“Śrīla Prabhupāda’s Kīrtana Standards,” installment 22
The chanting of “Jaya Gurudeva” has become popular in ISKCON, but like other chants not received directly from Śrīla Prabhupāda, this one has its problems. Kripamoya Prabhu gives the following account:
February 1977, Gaura Pūrṇimā. Before the first maṅgala-ārati, Pañca-dravida Swami had been chanting bhaja bhakata vatsala śrī gaura-hari for the maṅgala offering, before the ārati. During the maṅgala-ārati kīrtana someone had been chanting —for Prabhupāda, of course—Jaya Gurudeva. And Bhavānanda came down after maṅgala-ārati,and during the announcements he brought two messages from Prabhupāda, because Prabhupāda was just on the floor upstairs and had heard. So Prabhupāda said, firstly, you don’t sing Bhoga Ārati for the maṅgala-ārati sweet offering; secondly, you do not sing Jaya Gurudeva. Gurudeva is impersonal; it can mean anyone. If you want to indicate your spiritual master, you call him by name. So it is “Jaya Prabhupāda.”
Then afterwards he also said that if you want to sing Jaya Gurudeva, you should sing it before singing Jaya Prabhupāda so you finish with the personal name of the spiritual master.
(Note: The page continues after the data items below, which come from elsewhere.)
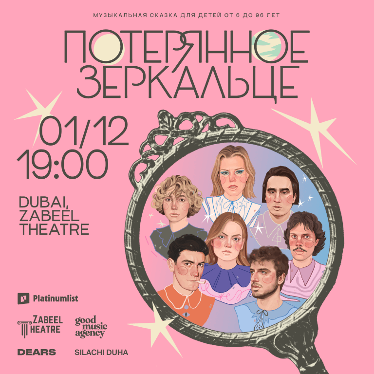 Lost Mirror / Потерянное зеркальце at Zabeel Theatre «Потерянное зеркальце» в театре Zabeel «Потерянное зеркальце» — это музыкальная постановка для взрослых и детей от 6 лет. В ней играют Александр Гудков, участники группы «Самое большое простое число» Евгения Борзых, Кирилл Иванов и Станислав Астахов, а также Марина Васильева, Доминик Мара и Серафима Гощанская. Действие на сцене происходит под музыку, которую специально для спектакля написала группа СПБЧ. «Потерянное зеркальце» создано по мотивам произведений писателя и художника Павла Пепперштейна. И всё действие спектакля развернется на фоне видеодекораций с его иллюстрациями. Костюмы для спектакля, сюрреалистичные и «очень буквальные», создавала команда из нескольких стран под руководством художников Марии Левиной и Полины Гречко. Ручное зеркальце с осколком звезды на рукоятке будет ускользать от воров, вести беседы с Трюмо и Русалкой-профессором, попадет в плен Птицы-ныряльщицы и вообще побывает в самых неожиданных местах. Конечно же, зеркальце волшебное: оно помогает своим хозяевам увидеть, как можно осуществить большие и, казалось бы, невозможные желания. За время своих странствий Зеркальце — и зрители тоже — узнает новое о себе и окружающем мире: о существовании шоколадного зоопарка, сосисочного ридикюля, котят-садовников и многого другого. И главную истину: необязательно быть волшебным, чтобы с тобой случилось что-то волшебное. Музыкальный спектакль “Потерянное зеркальце” at Zabeel Theatre at Zabeel Theatre, Jumeirah Zabeel Saray Hotel, Dubai, United Arab Emirates events Shows and Theatrical Plays Zabeel Theatre – Jumeirah Zabeel Saray
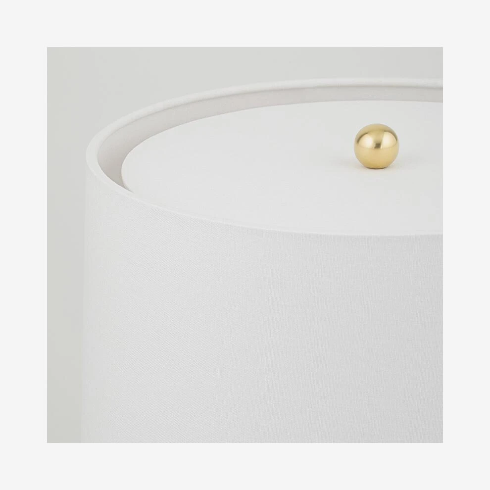 the Belgian linen drum shade. Aged brass accents add just the right
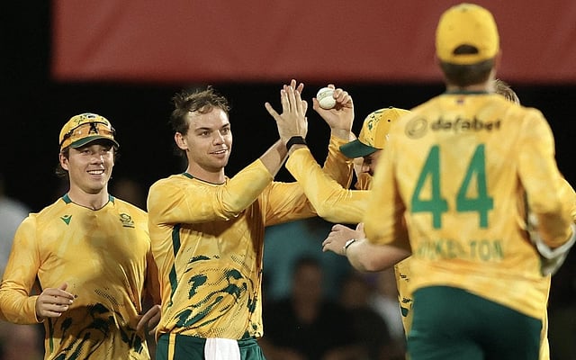 Markram soon followed as Glenn Maxwell baited the skipper into coming down the pitch and was caught by Mitchell Owen. The Australian allrounder claimed his second of the day thanks to solid keeping behind the stumps by Alex Carey, to send Lhuan-dre Pretorius (10) packing.
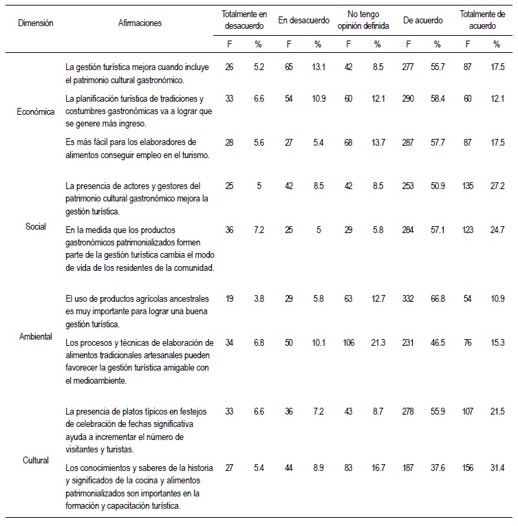 Con relación a la dimensión cultural, el 73.2% de los encuestados considera que es positiva. Un 14% lo hace negativamente y un 12.7% no tiene una opinión definida al respecto. La presencia de platos típicos en festejos de celebración de fechas significativas ayuda a incrementar el número de visitantes y turistas, según el 77.4% de los encuestados. La afirmación de que los conocimientos y saberes de la historia y significados de la cocina y alimentos patrimonializados son importantes en la formación y capacitación turística es considerada positivamente por el 69% de los encuestados (Tabla 2).
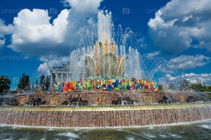 МОСКВА, РОССИЯ. Фонтан Каменный цветок и Павильон Украины на фоне голубого неба и облаков панорамный вид, летний солнечный день, Выставка достижений народного хозяйства ВДНХ
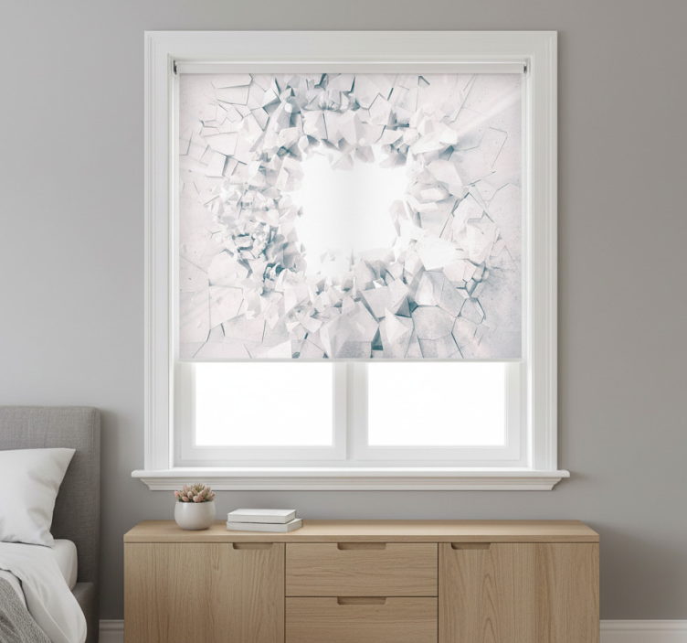 Biała roleta z wybuchającymi kształtami geometrycznymi
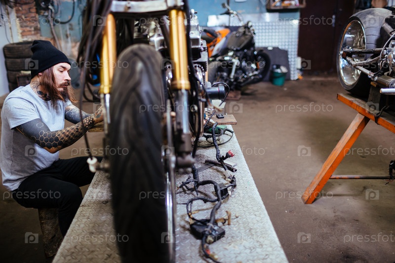 Татуированный байкер, работающий в гараже
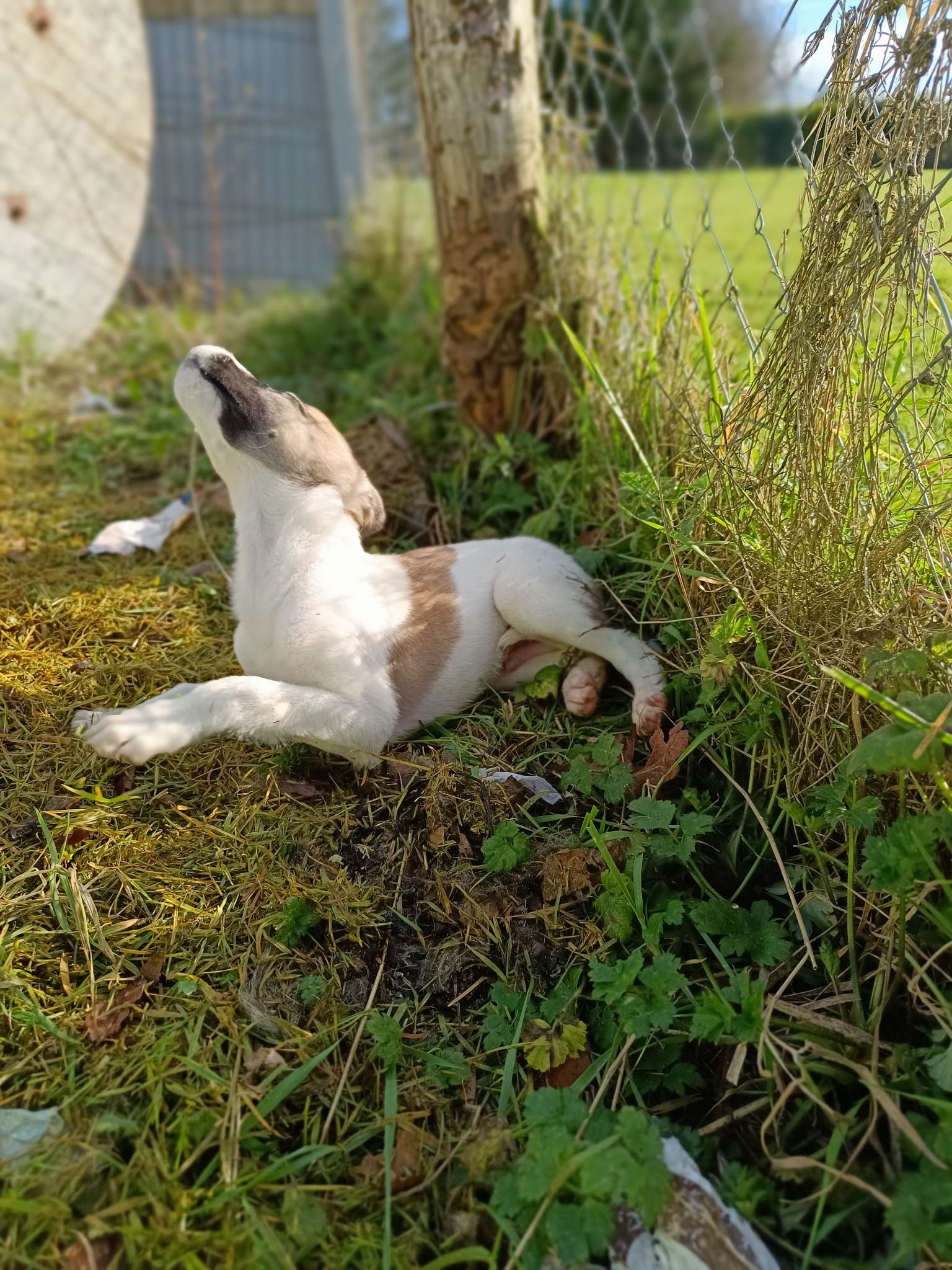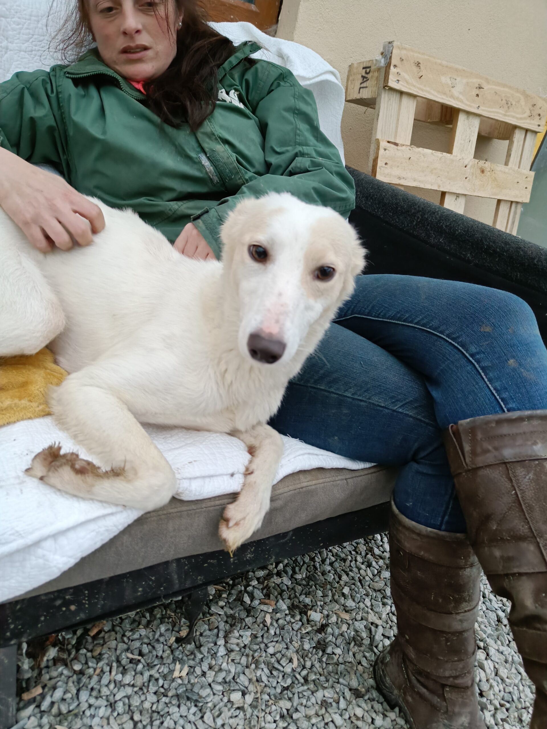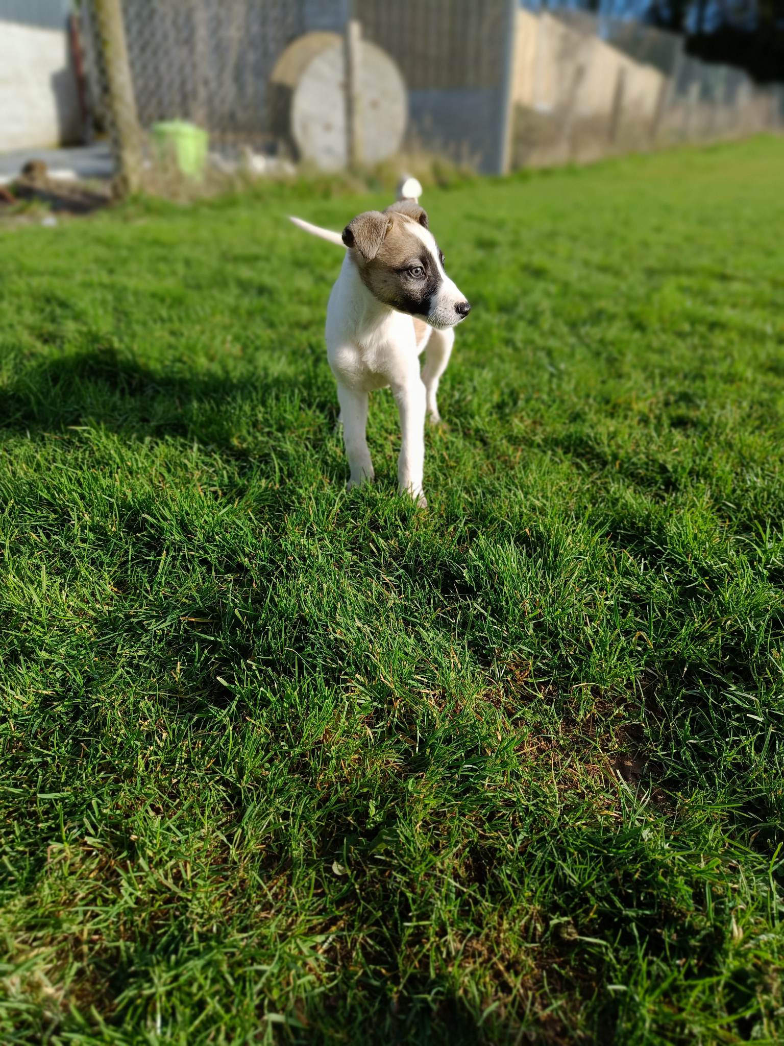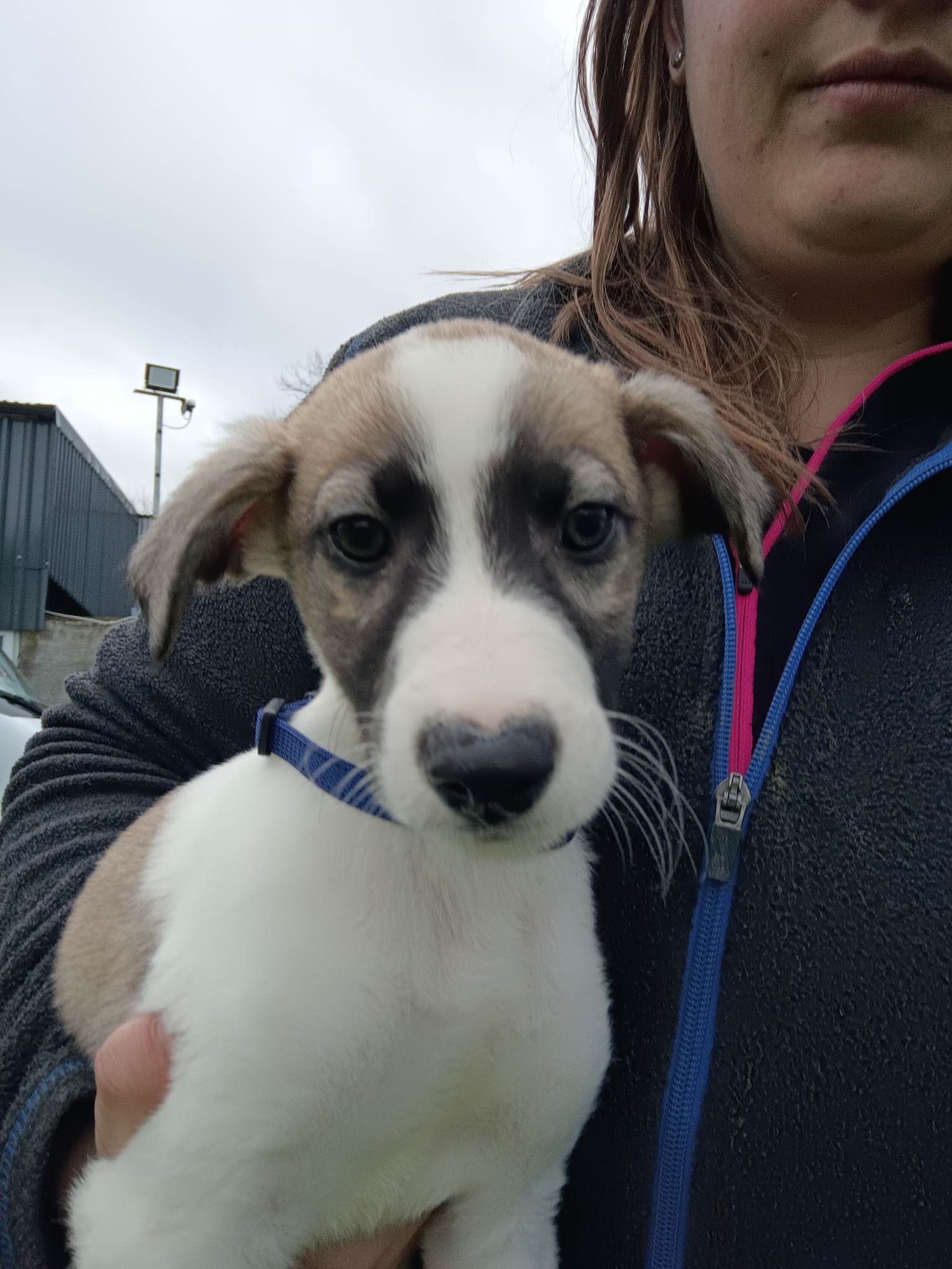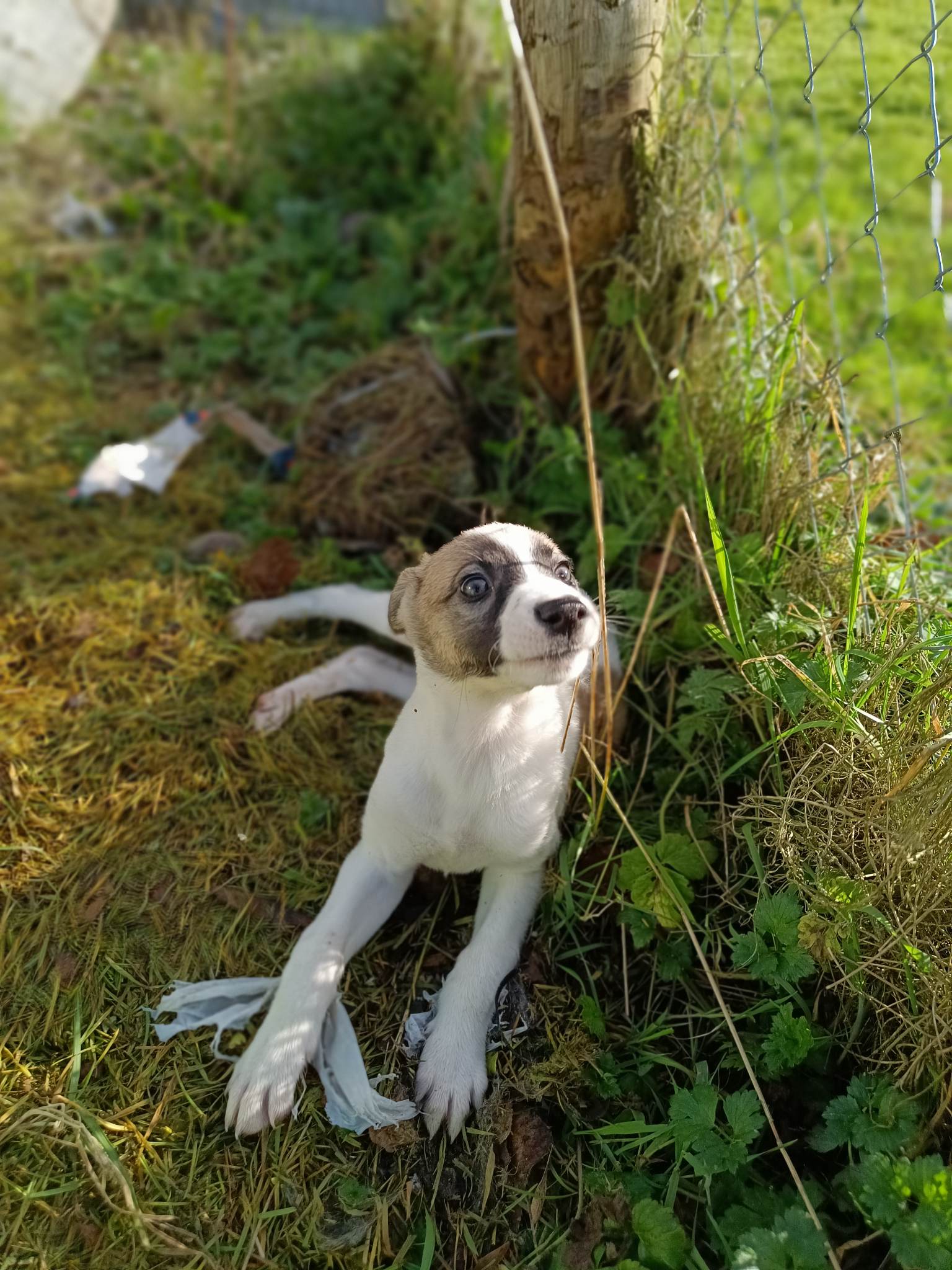 Det här är Simba. Hans mamma var fullt dräktig när hon hittades helt övergiven och alla valparna föddes strax därefter på det irländska rescue där de idag befinner sig. Simba är en av 8 valpar i kullen. (Bild två nedan är på valparnas mamma).

But in our multi-guru ISKCON, sometimes the generic form of Jaya Gurudeva, as a glorification of allthe ISKCON guru-vṛnda, is chanted by the disciples who are leading kīrtana, not before Prabhupāda’s name but after. So it means that if you’re a Prabhupāda disciple who’s now at a kīrtana being led by a junior, you are then guilty of contravening Prabhupāda’s explicit instruction, because the gurudeva that you’re being asked to chant cannot indicate your gurudeva if you sing it after Jaya Prabhupāda. It may be a small thing, but it’s one of those things that has bothered Kripamoya Dāsa for many years since he first heard it in Māyāpur, and now it has caught on.1
Harikeśa writes:
He objected to the usage of “Jaya Gurudeva” since it was a direct insertion into our movement from the sahajiya sampradayas in Bengal who always say things like “Jaya Gurudeva,” without referring to any particular guru. Prabhupada criticized this as impersonal and did not want it chanted by his disciples. “Who is the guru?”, he would challenge.2
Bhavānanda Prabhu relates:
During a gurupuja in Mayapur Acyutananda Maharaja started chanting Jaya Gurudeva, etc. Prabhupada stopped us and said, “What is this ‘jaya gurudeva’ ? What Gurudeva? Who gurudeva? This is mayavad and should not be done.”3
In 1972 Śrīla Prabhupāda also wrote to Bhavānanda Prabhu:
One thing, on the invitation card you have written All Glories to Our Guru Maharaja. This is impersonalism. As soon as we offer obeisances to guru, the name should be there. We are strictly personalists. The sahajiya’s, they write Glories to Guru. Why you are learning this impersonalism, who has taught you? Daily I am offering obeisances to my Guru by vibrating his real name, Srila Bhaktisiddhanta Sarasvati, otherwise it is impersonal.4
In summary: Śrīla Prabhupāda disapproved of the chanting of “Jaya Gurudeva!”
Though in ISKCON temples we don’t chant the names or pranāma mantras of gurus who come in succession after Śrīla Prabhupāda, there’s no reason we cannot do so in kīrtanas at home with our family or why the disciples of a particular guru cannot chant his name and pranāma mantra when they gather elsewhere on their own. In such circumstances, there is no need of “Jaya Gurudeva!” One may chant the spiritual master’s real name.
Notes:
1 I transcribed this story from a recording of Kripamoya Prabhu telling it.
2 Harikeśa Swami, “Important Instructions,” p. 16.
3 Bhavānanda Dāsa, personal communication, October 17, 2021.
4 Letter to Bhavānanda, July 14, 1972. Of course, Śrīla Bhaktivinoda Ṭhākura wrote a song called, simply, “Gurudeva!” and Śrīla Prabhupāda named a disciple “Jaya Gurudeva.” Still, as Kripamoya, Harikeśa, and Bhavānanda testify, Śrīla Prabhupāda disapproved of chanting “Jaya Gurudeva!” in kīrtana, especially after the chanting of “Jaya Prabhupāda!”